Pierre Latour (TotalEnergies) scored the seventh victory of his career with a late burst on stage 1 of the Boucles de la Mayenne.
The Frenchman attacked with just over 1km to go on the rolling 166km stage from Saint-Berthevin to Juvigné to catch the fastmen out and solo to the win, three seconds ahead of anyone else.
Behind him, Biniam Girmay (Intermarché-Wanty) sped to second place ahead of Paul Penhoët (Groupama-FDJ) in the bunch sprint. Jelte Krijnsen (Jayco-AlUla) and Giacomo Nizzolo (Q36.5) filled out the top five.
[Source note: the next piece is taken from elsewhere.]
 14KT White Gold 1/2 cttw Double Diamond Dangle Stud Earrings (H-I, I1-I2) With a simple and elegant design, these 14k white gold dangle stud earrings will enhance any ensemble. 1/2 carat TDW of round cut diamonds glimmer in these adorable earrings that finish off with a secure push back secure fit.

The stage, coming after Thursday’s prologue won by Groupama-FDJ youngster Thibaud Gruel, was expected to deliver a sprint finish despite the lumpy circuit which concluded the day.
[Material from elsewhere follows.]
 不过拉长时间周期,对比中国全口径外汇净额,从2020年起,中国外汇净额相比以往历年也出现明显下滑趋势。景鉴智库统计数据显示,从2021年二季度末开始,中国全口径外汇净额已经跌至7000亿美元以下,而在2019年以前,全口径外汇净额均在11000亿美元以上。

The 1.6km, 3.7% Côte du Pas de Pierre wouldn’t deter the fast finishers, with a group of over 70 making the finish to duke it out for the win once the breakaway – Clément Izquierdo (Cofidis), Lenaic Langella (CIC-U-Nantes), Célestin Guillon, Kenny Molly (Van Rysel-Roubaix) – was caught 11km out.
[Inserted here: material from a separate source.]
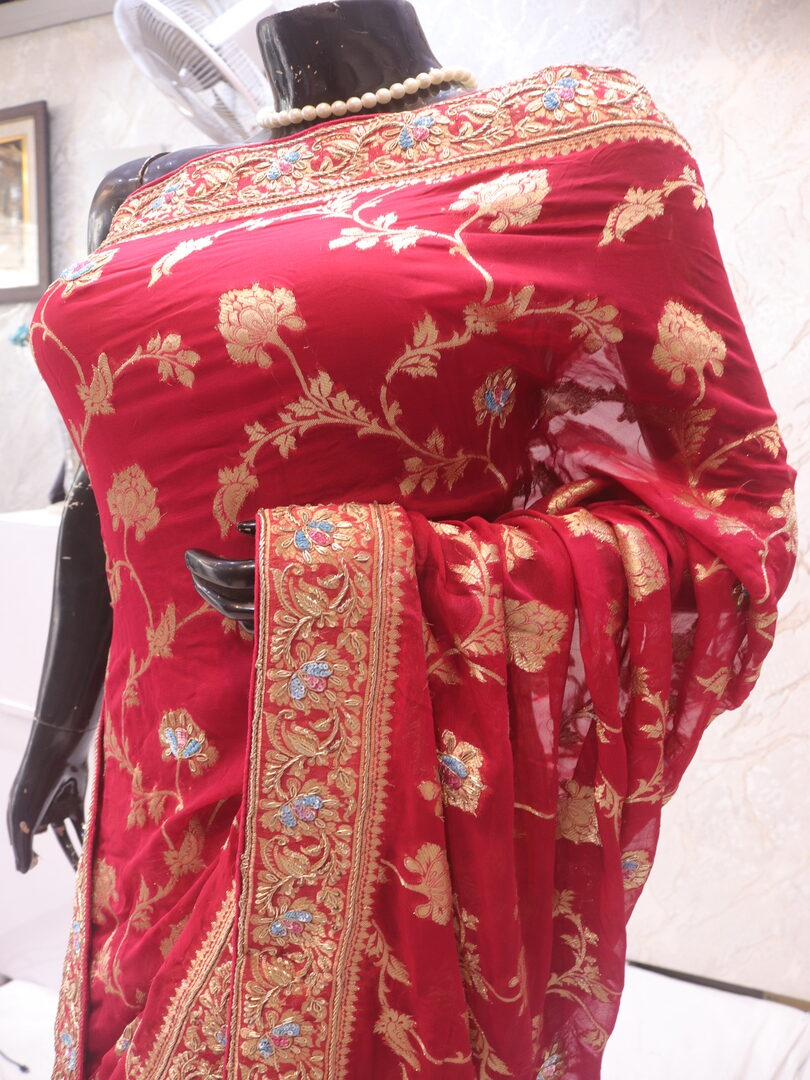 Saree Details: Saree Length: 5.5 Meters Work Type: Weaving (Jaal) Fabric: Banarasi Chiffon Color: Rouge Pink Embellished with: Golden Zari, Zardozi, Sequins Border Color: Rouge Pink Border Fabric: Banarasi Chiffon Border Work: Golden Zari, Zardozi, Sequins Blouse Details: Unstitched Blouse Fabric 0.8 Meters Work Type: Weaving Fabric: Banarasi Chiffon Color: Rouge Pink Embellished with: Golden Zari, Zardozi, Sequins

Attacks flew later on, with Clément Venturini (Arkéa-B&B Hotels), Anton Charmig (XDS-Astana), and, lastly, Joris Chaussinand (CIC-U-Nantes), among those attempting to get away. Once the latter was brought back, it was Latour’s time to shine.
Florian Sénéchal (Arkéa-B&B Hotels) launched first, followed by the 31-year-old Latour. He immediately opened a gap to the rest of the hopefuls, one which he held during the final kilometre and converted into the stage win.
Prologue winner Gruel continues in the race lead following stage 1. He holds a three-second lead over Benoît Cosnefroy (Decathlon AG2R La Mondiale), while Cosnefroy’s teammate Paul Lapeira lies in third overall at six seconds.